Caetano escreve sobre Chico: “Somos obrigados a crer no povo brasileiro”

“Fui ontem à noite ver o show de Chico Buarque. Fiquei extasiado, não somente porque estávamos diante de um artista imenso que nos deixa esperando anos para vê-lo atuar; nem apenas porque os lindos versos de “Caravanas” trazem “suburbanos como muçulmanos do Jacarezinho a caminho do Jardim de Alá”; nem só porque o cenário de Hélio Eichbauer, com esfera armilar esboçando assimetrias a partir do sistema concêntrico, estende suas cordas de assinatura a uma complexidade de rede de ondas, movimento e poesia; nem mesmo porque “Massarandupió” traz a rica música que habita o coração de Chico Brown.

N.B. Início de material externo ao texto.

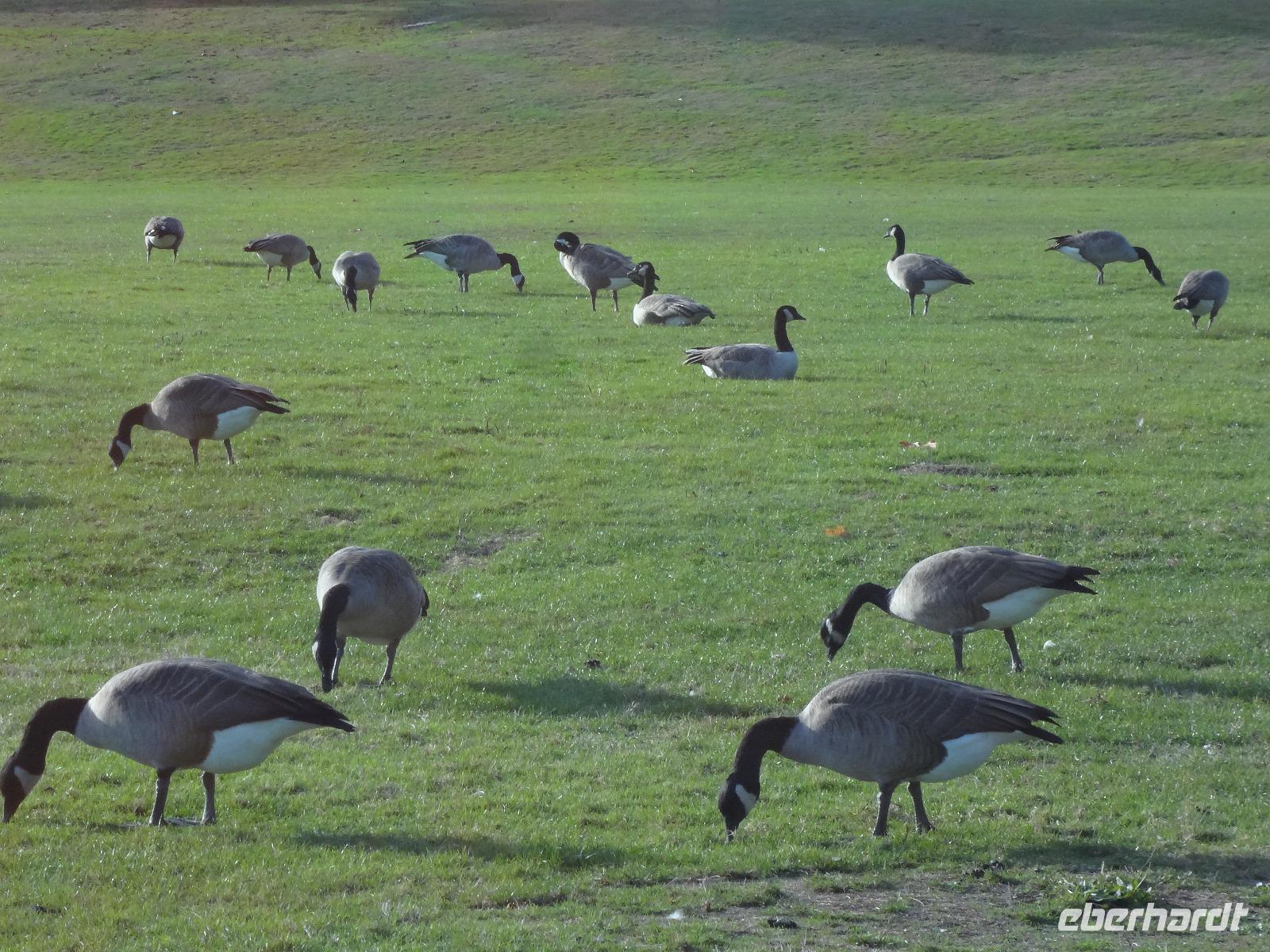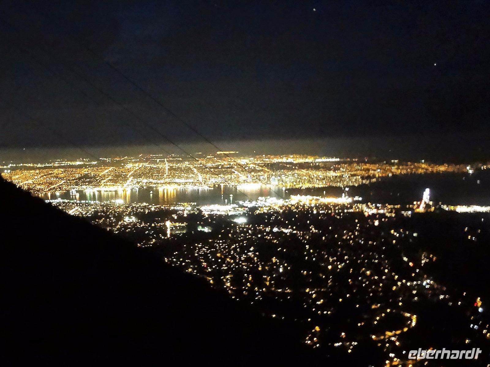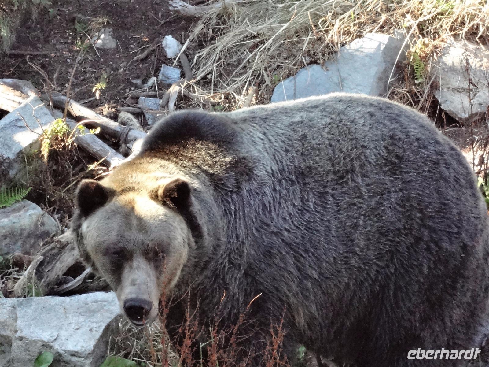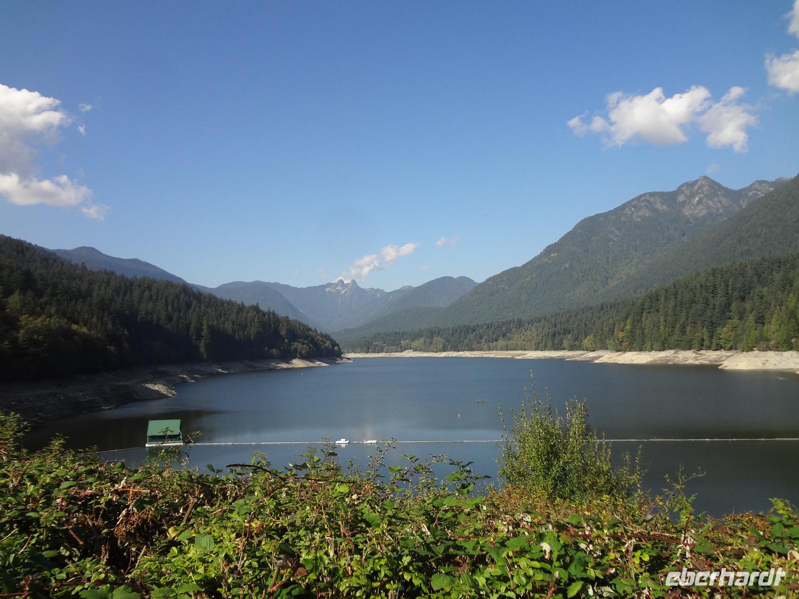Sonnenschein, wunderbarer Sonnenschein. Das Fruehstuecksbuffet ist schoen und unser neuer Kleinbus faehrt uns entlang der Nordkueste Vancouvers zu einem schoenen Park. Wir wandern 1 Stunde im Lighthouse Park wo wir immer wieder zu herrlichen Aussichtspunkten gelangen und wo wir uns auch von den Urbaeumen gebuehrend verabschieden koennen. Der Wanderweg sei relativ ebenerdig wird uns prophezeit....aber eben, nur relativ.....es geht rauf und runter, ueber Wurzeln und Steine, auf Felsen hinauf und unter Beaumen durch. Nun sind unsere Lungen von der guten Luft angereichert und wir lassen uns zu einer der laengesten Haengebruecken der Welt bringen. Bei Capilano Suspension Bridge, so heisst diese Bruecke, amuesieren wir uns ueber den Lebenswandel ihrer frueheren Besitzer, bewundern die schoen geschnitzten Totem und gelangen so zur Bruecke. Wir trauen uns alle hinueber, auch weil man ueberall in diesem Park versteckte Stempel hat wo man seinen Weg abstempeln lassen kann, zur Erinnerung ! Natuerlich sind einige Stempel auf der anderen Seite der Bruecke. Dort klettern wir auch auf einen Turm, wo beim Wipfelweg verschiedene Bruecken an hohen Bauemen angebracht sind. Die Fotoapparate arbeiten wiede sehr fleissig und ihre Besitzer versuchen hinter ihnen herzulaufen. Wieder zurueck auf der Eingangsseite, erleben wir auch den neuen Weg, der an einer Felswand angeklebt ist. Da braucht man noch mehr Mut, aber uns Wanderer schuechtert sowas nicht ein. Jetzt verstehen wir auch ein wenig, wie es den Kletterer geht die auf einer Via Ferrata gehen. Nun ist aber Zeit fuers Picknick. Tische, Stuehle, Baenke gibt es zur Genuege und man riecht den Duft der Speisen die gegrillt werden. Nach der Pause fahren wir zur Capilano Fischaufzucht und gleich danach schauen wir uns den Damm von Capilano Lake an. Es werden gerade Arbeiten am Damm durchgefuehrt und so machen wir ein Foto von der unendlichen Tiefe und dem Wasser, was da hinunterstuerzt. Das naechste Ziel und Abenteuer wartet schon auf uns, mit einer Gondel schweben wir auf Vancouvers Hausberg, den Grouse Mountain. Auf 1200 Meter scheint es hier waermer zu sein als unten am Meer und wir wandern kurzaermelig zu dem Grizzly Habitat um zu schauen, was Grinder und Coola so machen. Es ist ihnen zu warm und sie doesen vor sich hin. Der kurze, langsame Peak Sessellift ist heute das letzte mal geoeffnet und dieses Vergnuegen wollen wir auch mitmachen. Nichts wie hin und „Aufi" gehts. Uh, hu, die Aussicht von hier oben ist noch gigantischer als jene von der Gondel aus. Ganz Vancouver liegt uns zu Fuessen. Nur die Holzfaeller-show, ueberzeugt uns doch wieder hinunter zu fahren. Die Show ist echt lustig und die zwei Holzfaeller kaempfen um den ersten Preis. Sie faellen, sie kraxeln, sie balancieren und sie schnitzen mit Kettensaegen, der Holzfaeller rechts gewinnt schlussendlich und die Freude ist gross. Unsere Freude auch, denn Grinder ist aufgewacht und spaziert gemaechlich zum Wasser. Er ist schoen dick angefressen da er ja auch bald in den Winterschlaf gehen wird. Wir hingegen, werden nun mit einem wunderbaren sophistizierten Abendessen verwoehnt. Das Menue hat sogar das Eberhardt Logo drauf und das Essen ist so vorzueglich, dass wir uns lange daran erinnern werden. Das Abendessen bei der Aussicht ist ein Erlebnis fuer sich. Die englische Koenigsfamilie die im Moment in Victoria verweilt wird in den naechsten Tagen auch hier essen, hoffentlich haben sie es auch so schoen und lustig wie wir. Ein schoener Abend soll auch gebuehrend abgerundet werden und die Ueberraschung, der 3 Stretch Limousinen ist gelungen. Kein Weihnachtsbaum hat je so viele gleuckliche Gesichter auf einmal gesehen. Stilvoll fahren wir durch Downtown Vancouver bis zu unserem Hotel. Der Absacker in der hauseigenen Bar mit den 2 Pianospielern haben diesen Abend noch musikalisch abgerundet und die Martinis und Mohitos schmeckten auch ganz lecker. So haben wir einen wunderbaren letzten Tag in Vancouver verbracht.
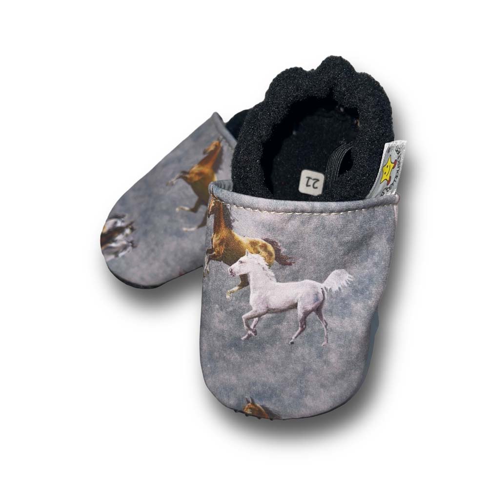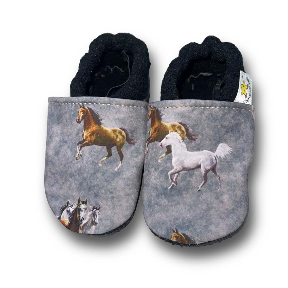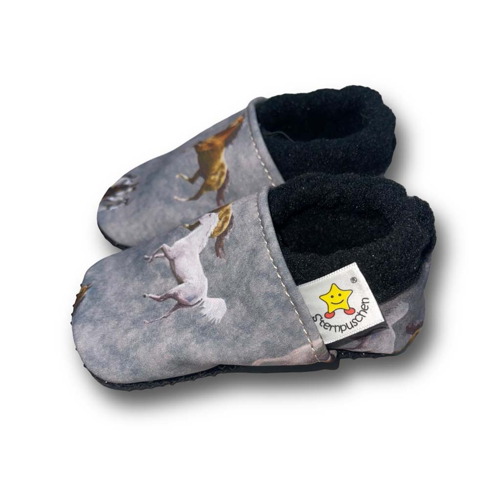 Mobile Preview: Vegane Krabbelpuschen Pferde auf grau
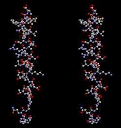 Glucagon ball and stick model, with the carboxyl terminus above and the amino terminus below
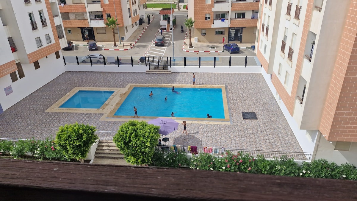 The apartment has 3 bedrooms close to all sites and amenities. • 3 min walk to the beach. • 1 min walk to the Corniche. • 10 min walk to TGV station & City Mall Tanger. • Secured building 24/7 (camera at entrance & concierge). • Free parking on site. • Outdoor pool 5 min walk. • Pool open July & August only. • Pool for all. Free swim for 4 people, then 40 DH/extra person.

Ou porque o repertório contenha sucessos cantados pela multidão e que estes sejam todos posteriores aos clássicos que fincaram Chico no lugar que ocupa em nossas vidas: não há “Quem te viu, quem te vê”, “Carolina”, “Januária”, “Samba do grande amor” ou “Noite dos mascarados” – nem pensar em “Pedro Pedreiro” ou “Olê olá”: para um cara da geração de Chico, o repertório é todo de coisas novas, a maioria datando de quando ele entortou seus caminhos harmônico-melódicos, toreou suas rimas (justo quando um idiota da imprensa disse que não ouviria seu novo disco por já saber o que iria encontrar: era um erro perfeito).

É uma exuberância.

Os arranjos de Luiz Claudio levam ao máximo a elegância musical que ele sempre apresenta.

Mas a força vem de como tudo isso foi estruturado dentro da concepção bossa nova.

Um homem de voz pequena e anasalada domina o universo, rodeado por sons econômicos e profundos, equilibrados e misteriosos. Da forma dos arranjos (que contam com o canto perfeito de Bia Paes Leme) à política de volumes da amplificação (finalmente um show que não rompe nossos tímpanos toma toda a grande sala de difícil acústica!), tudo funciona para expor a realização da bossa nova, do seu essencial. É a vitória da bossa nova verdadeira, sua vingança, sua definitiva consagração, desmentindo a sensação de que o Brasil não se respeita: ao contrário, ali parece que o Brasil chega finalmente a merecer a bossa nova. E nada disso seria possível sem a lealdade de Chico à prosódia irretocável, à rima que vem com a ideia, à melodia que homenageia a tradição e amadurece para quase se desmelodizar.

Ouvindo Chico assim, somos obrigados a crer no povo brasileiro.”